Dessau-Roßlau leitet Aufklärung nach Tod eines sechsjährigen Mädchens ein

Die Stadt Dessau-Roßlau hat eine umfassende interne Untersuchung nach dem Tod eines sechsjährigen Mädchens eingeleitet. Das teilte die Stadtverwaltung am Freitag mit.

Geprüft wird, ob eingegangene Hinweise auf eine mögliche Kindeswohlgefährdung im zuständigen Jugendamt ordnungsgemäß bearbeitet wurden.

Oberbürgermeister Robert Reck (parteilos) habe nach Bekanntwerden der Vorwürfe einen Sachverhaltsbericht angefordert und organisatorische sowie personelle Maßnahmen verfügt, um die Handlungsfähigkeit des Jugendamtes sicherzustellen. Ziel sei eine lückenlose und transparente Aufklärung.

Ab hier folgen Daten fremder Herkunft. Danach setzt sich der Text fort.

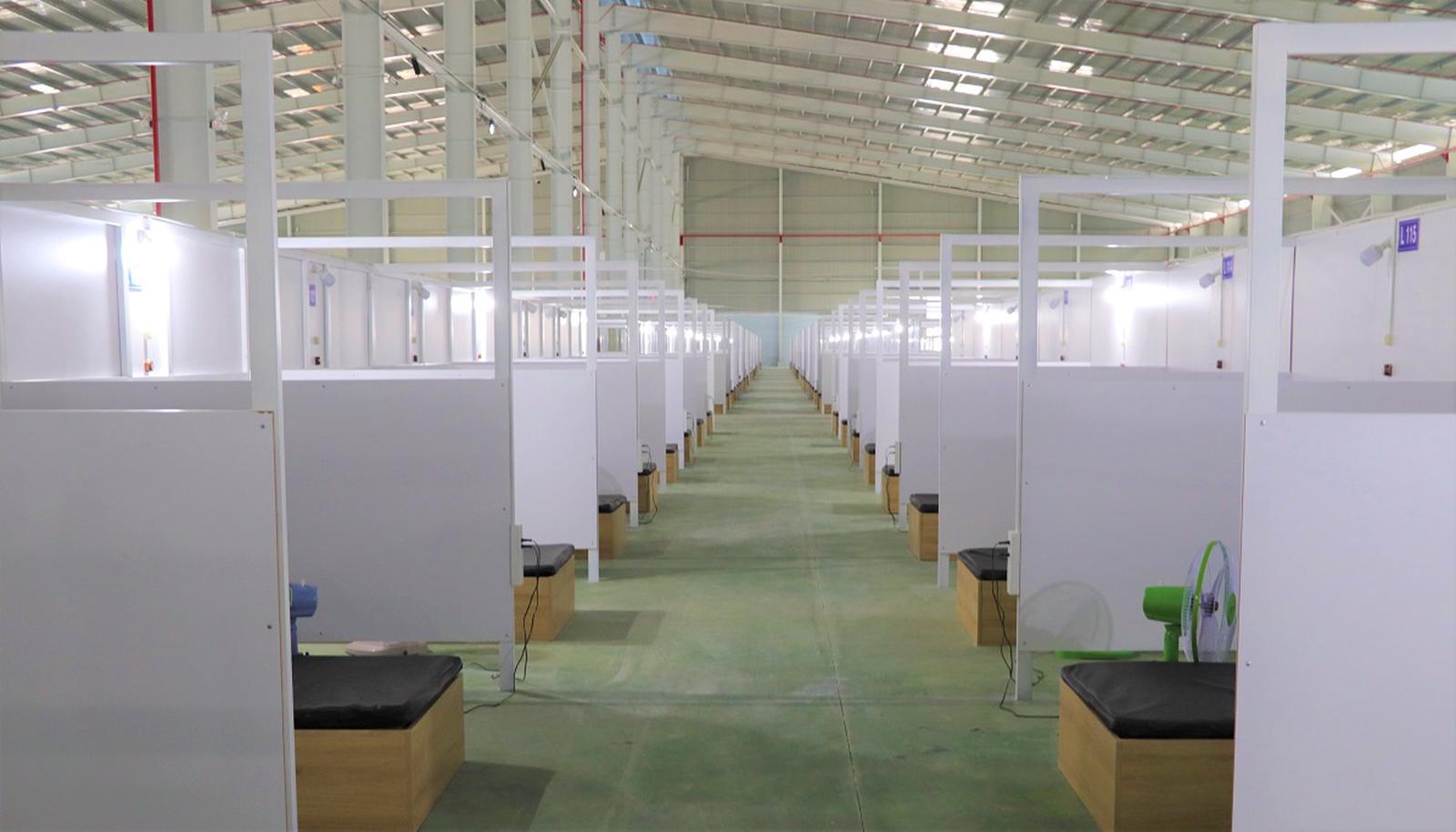 Toàn bộ hệ thống cơ sở vật chất trưng dụng làm bệnh viện được tài trợ bởi Công ty TNHH Hoàng Hùng. Theo đó, cùng với việc cho mượn khuôn viên các nhà xưởng của mình, Công ty TNHH Hoàng Hùng còn phối hợp với một số doanh nghiệp trên địa bàn tỉnh tiến hành trang bị đầy đủ cơ sở vật chất để bệnh viên có thể vận hành tốt, đáp ứng nhu cầu cách ly điều trị bệnh nhân mắc Covid-19 trên địa bàn.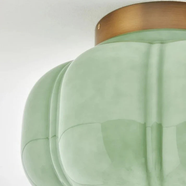 The Maravine Glass Ceiling Lamp embodies refined nostalgia through its sculptural silhouette and jade-green luster. Handcrafted glass flows in gentle curves, creating a soft interplay of light and texture that feels both vintage and serene. Framed by warm brass accents, this ceiling lamp brings a poetic balance of craftsmanship and elegance—perfect for interiors that seek timeless charm with a modern touch.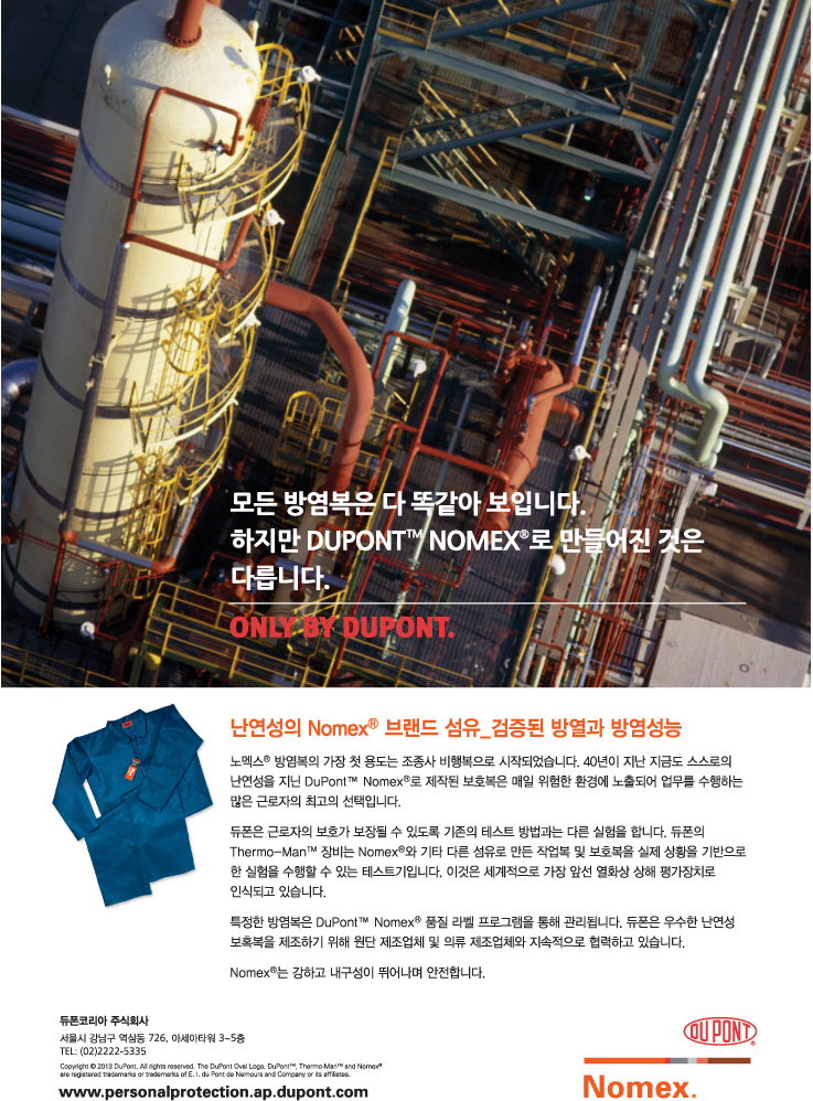 노멕스? 방염복의 가장 첫 용도는 조종사 비행복으로 시작되었습니다. 40년이 지난 지금도 스스로의 난연성을 지닌 듀폰 Nomex? 로 제작된 보호복은 매일 위험한 환경에 노출되어 업무를 수행하는 많은 근로자의 최고의 선택입니다.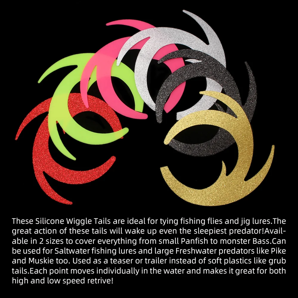 These Silicone Wiggle Tails are ideal for tying fishing flies and jig lures.The great action of these tails will wake up even the sleepiest predator!Available in 2 sizes to cover everything from small Panfish to monster Bass.Can be used for Saltwater fishing lures and large Freshwater predators like Pike and Muskie too. Used as a teaser or trailer instead of soft plastics like grub tails.Each point moves individually in the water and makes it great for both high and low speed retrive!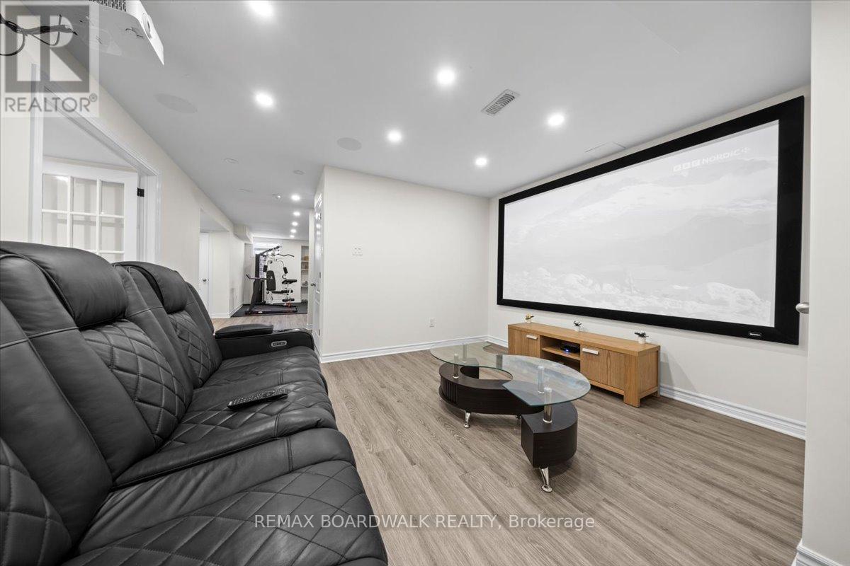 Welcome to this stunning family home offering approximately 3,000 sq ft of finished living space in Kanata. Thoughtfully designed for modern family living, this home offers generous living areas, quality finishes, and a layout that flows beautifully from room to room. The main level features rich hardwood flooring and dramatic two-storey vaulted ceilings in the living room, filled with natural light from expansive windows. A gas fireplace anchors the space and creates a warm, inviting setting for relaxing evenings or gathering with friends and family. At the heart of the home is the beautifully renovated kitchen, featuring granite countertops, custom cabinetry, stainless steel appliances, a stylish backsplash, and a large centre island. The kitchen overlooks the dining area, creating an ideal space for everyday living and entertaining. The main floor also includes a versatile bedroom or office, perfect for growing families or those working from home. Upstairs you will find generously sized bedrooms, including a spacious primary suite with vaulted ceilings, a walk-in closet, and a private ensuite with glass shower and relaxing soaker tub. The fully finished basement adds exceptional living space, including a dedicated home theatre area with projector and screen, a large recreation space, gym area, an additional bedroom, and a full bathroom, offering flexibility for guests, teenagers, or extended family. Step outside to enjoy the private fully fenced backyard, designed for low-maintenance living with full interlock and a storage shed, creating a beautiful space for outdoor entertaining and family gatherings. Interlocking has also been added to the front of the home for added curb appeal, and permanent exterior holiday lighting installed by Celebright provides both convenience and seasonal charm.Within walking distance to local schools and a future neighbourhood park, and just minutes from shopping, dining, and everyday amenities. (id:64974)

Die Ergebnisse der Untersuchung sollen die Grundlage für weitere Konsequenzen bilden. Unabhängig davon würden die bestehenden Verfahrensabläufe und Kontrollmechanismen im Kinderschutz überprüft.

Der Schutz von Kindern und Jugendlichen habe oberste Priorität, hieß es weiter.

Die Stadt arbeite mit den Ermittlungs- und Aufsichtsbehörden zusammen. Aus Gründen des Datenschutzes und des Persönlichkeitsschutzes könnten derzeit keine weiteren Angaben zu Einzelheiten des Falles gemacht werden.

Die Stadt appellierte an die Bevölkerung, bei Anzeichen einer Kindeswohlgefährdung die zuständigen Stellen zu informieren.